A Question of Rubber

“The best principle to observe in modern business,” explained Jim, “is, if it works, leave it alone. The first use of rubber in connection with traffic was rubber tires for wealthy men’s buggies and dog carts. Then – came the bicycle. And before anybody had time to invent a synthetic substance for the millions of bicycles in the 90’s, the rubber importers, who had got busy to meet the buggy trade, were able to produce enough wild rubber to meet the first onset of the bicycle tire trade. Then, foreseeing the great days ahead when the whole world would travel on bicycles, the rubber planters began to create orchards of rubber trees. Nobody foresaw the motor car. But by the time the motor car dawned, the rubber growers had got far enough ahead with their dreams of a world entirely bicyclized to meet the first onset of the motor car.”

“And of course,” I put in, “the motor car would have been simply out of the question without rubber tires.”

“Correct,” agreed Jim. “So you see, the rubber growers and rubber importers in every case were far enough ahead to meet the demand. So science had no call to get busy and invent a substitute. Industry always leaves well enough alone.
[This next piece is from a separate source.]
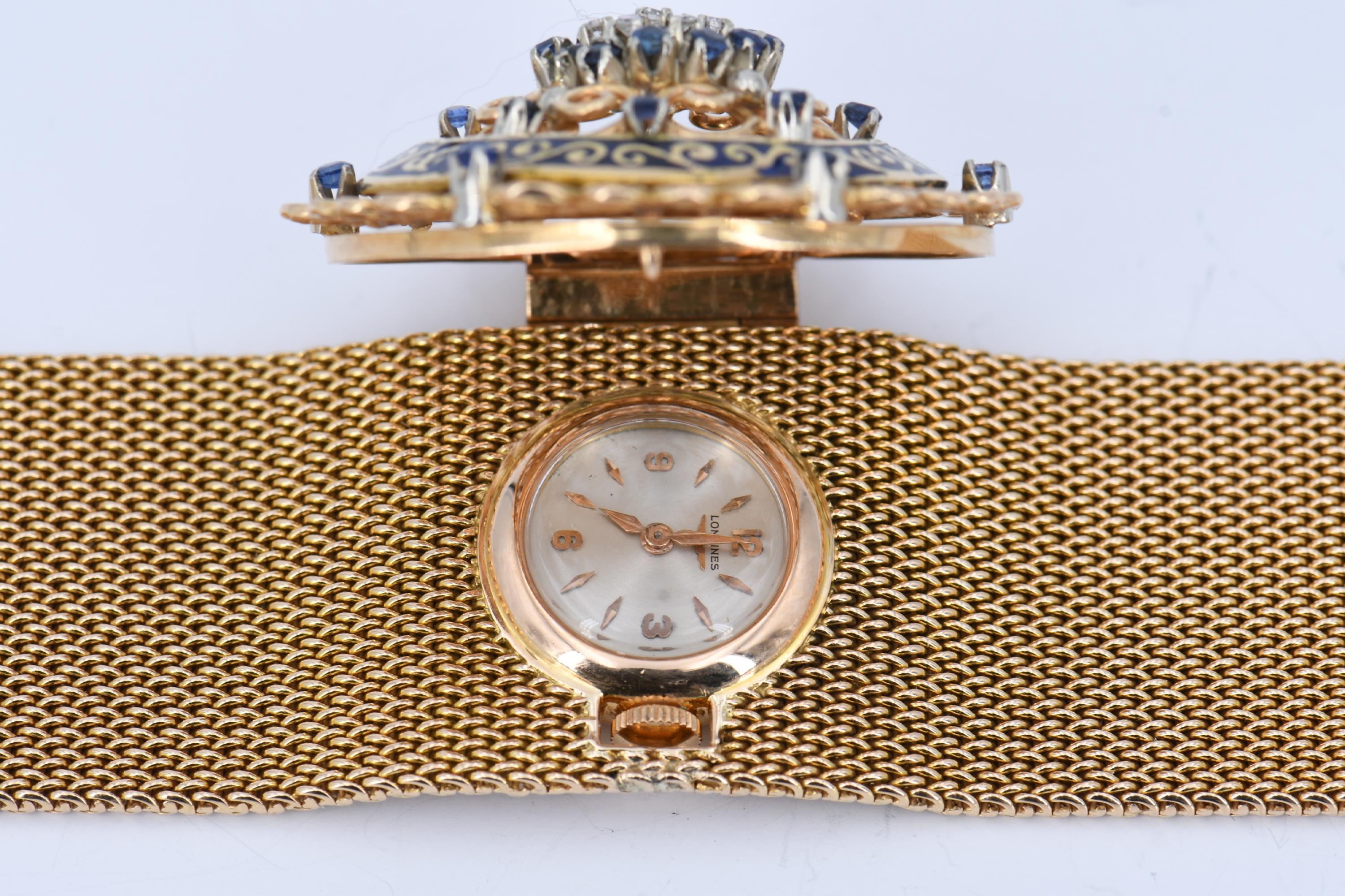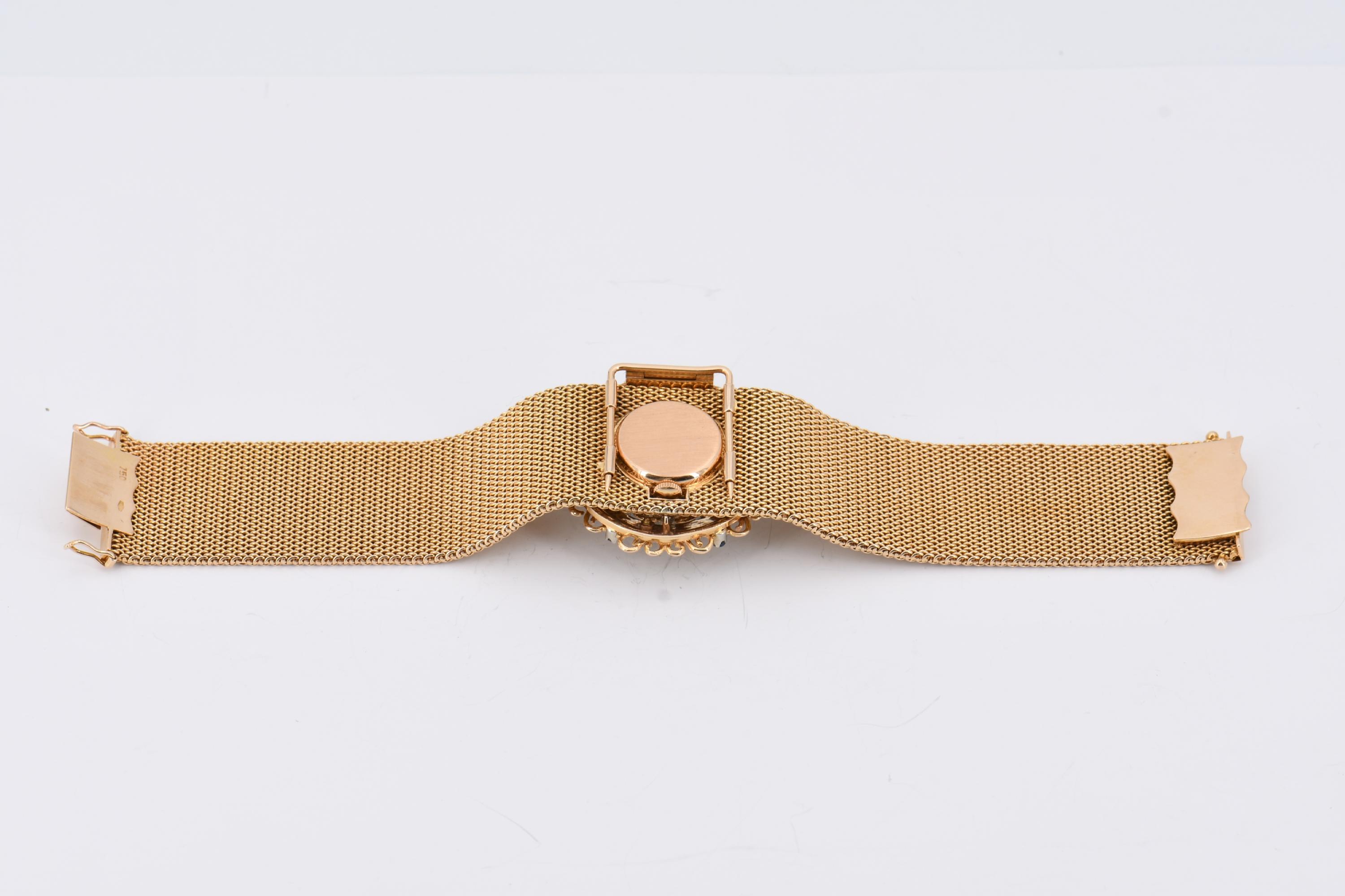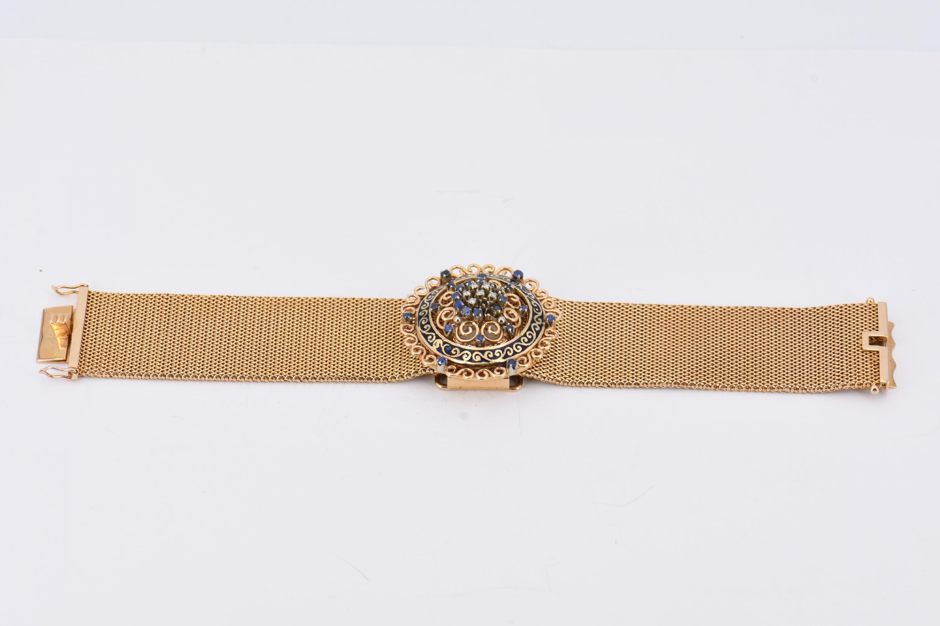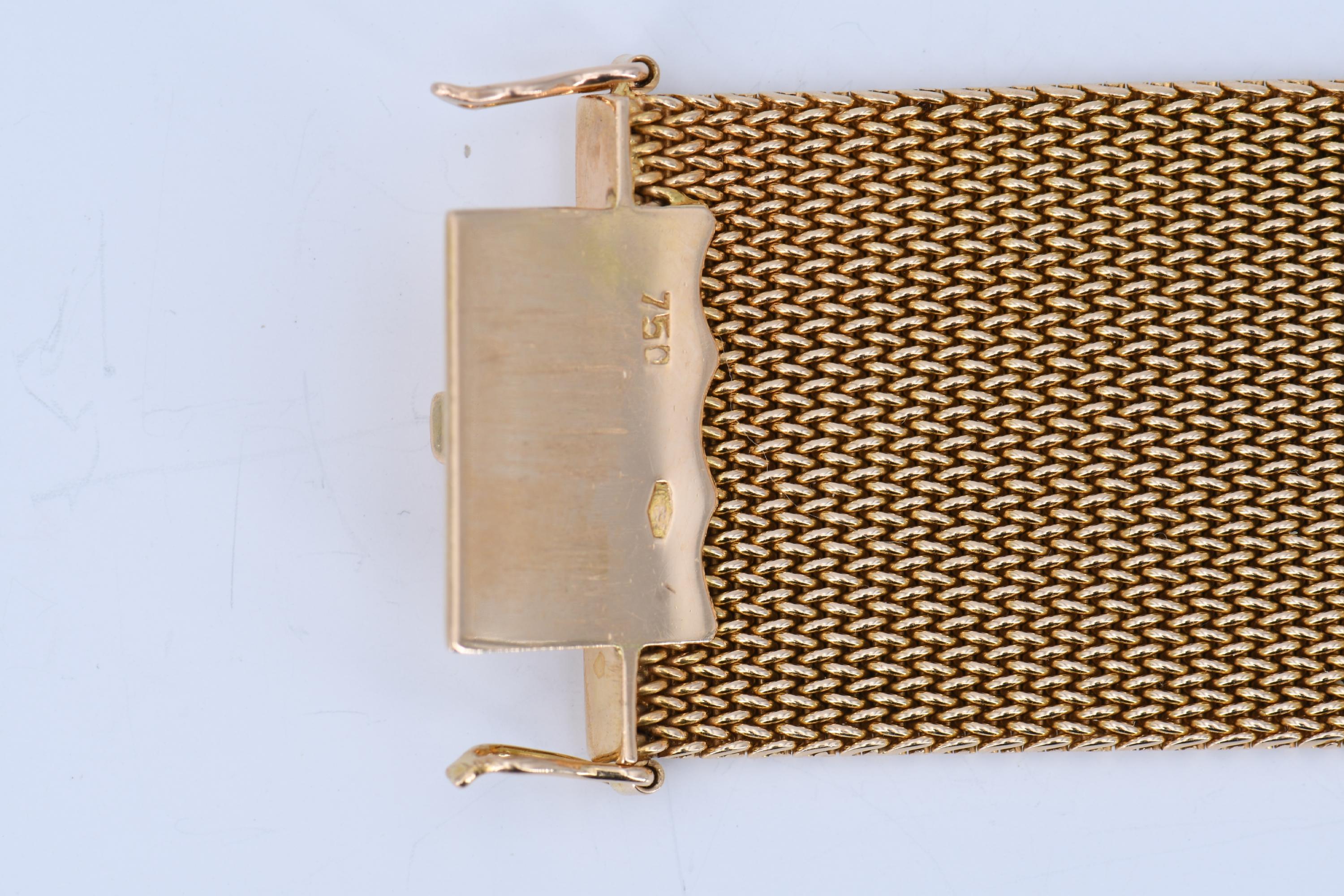 Gehäuse/Armband: 750/- Gelbgold, Teppicharmband, Klappdeckel abnehmbar, Kunststoffglas, Sicherheitsverschluss.

Business says, if it works don’t change it. And that is why, up until now, there has been no call to science to invent a substitute for rubber.”
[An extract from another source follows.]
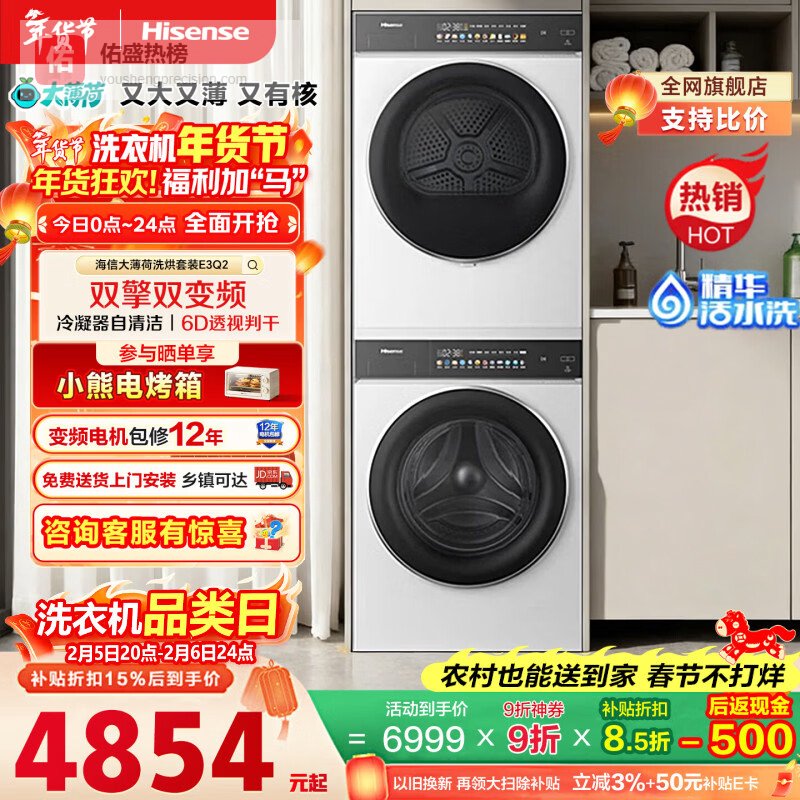 推荐入手:海信大薄荷洗烘套装E3Q2 10KG滚筒洗衣机

“Have they really got it?” I questioned. “Don’t you think rubber, like tea or coffee, like leather for shoes and wool for clothes, is something natural-born and right and fitting? Even if they do work out a perfect substitute for rubber, won’t there always be a demand for genuine rubber tires? They’ve invented no end of substitutes for wool and cotton for clothes. They’ve got imitation leather of every description. But people still like wool clothes as the ancient Romans did, and cotton, as the ancient Egyptians did, thousands of years before Christ. And can you imagine the day ever coming when men will give up genuine leather shoes?”

“Rather than be ruined,” Jim submitted, “I imagine the rubber planters of the east will offer their rubber so dirt cheap that the rubber Importers and the rubber processors will see the chance to make a little dough; and the rubber industry will be revived. Then we’ll witness a great pitched battle between the synthetic rubber interests and the natural rubber interests. Cartels will be formed. Little gangs of British bankers and investors, desirous of cutting the throats of other British bankers and Investors, will gang up with little gangs of American bankers and investors desirous of cutting the throats of other American bankers and investors. That’s a cartel.”

“I thought a cartel,” I interrupted, “was where all the British bankers and investors desirous of cutting one another’s throats got together with all the American bankers and investors desirous of cutting one another’s throats, because it was agreed that the public was hardly worth all the throat cutting. So they ganged up and cut the public’s throat instead.”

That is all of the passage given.